§ Data provided
__________________________________________________
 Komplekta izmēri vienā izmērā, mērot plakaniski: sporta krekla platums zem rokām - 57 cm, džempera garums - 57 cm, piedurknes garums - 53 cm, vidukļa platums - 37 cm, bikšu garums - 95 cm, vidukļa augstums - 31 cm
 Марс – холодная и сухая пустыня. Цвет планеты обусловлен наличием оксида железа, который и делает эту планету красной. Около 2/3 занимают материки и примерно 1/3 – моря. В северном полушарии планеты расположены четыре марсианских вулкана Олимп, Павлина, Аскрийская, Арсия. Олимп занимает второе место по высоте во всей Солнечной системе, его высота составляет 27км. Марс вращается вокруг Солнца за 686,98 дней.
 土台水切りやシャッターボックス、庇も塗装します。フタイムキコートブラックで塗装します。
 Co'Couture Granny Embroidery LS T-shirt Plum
__________________________________________________
§ Task requirements
Take the data above and return it exactly.

§ Solution below
 Komplekta izmēri vienā izmērā, mērot plakaniski: sporta krekla platums zem rokām - 57 cm, džempera garums - 57 cm, piedurknes garums - 53 cm, vidukļa platums - 37 cm, bikšu garums - 95 cm, vidukļa augstums - 31 cm
 Марс – холодная и сухая пустыня. Цвет планеты обусловлен наличием оксида железа, который и делает эту планету красной. Около 2/3 занимают материки и примерно 1/3 – моря. В северном полушарии планеты расположены четыре марсианских вулкана Олимп, Павлина, Аскрийская, Арсия. Олимп занимает второе место по высоте во всей Солнечной системе, его высота составляет 27км. Марс вращается вокруг Солнца за 686,98 дней.
 土台水切りやシャッターボックス、庇も塗装します。フタイムキコートブラックで塗装します。
 Co'Couture Granny Embroidery LS T-shirt Plum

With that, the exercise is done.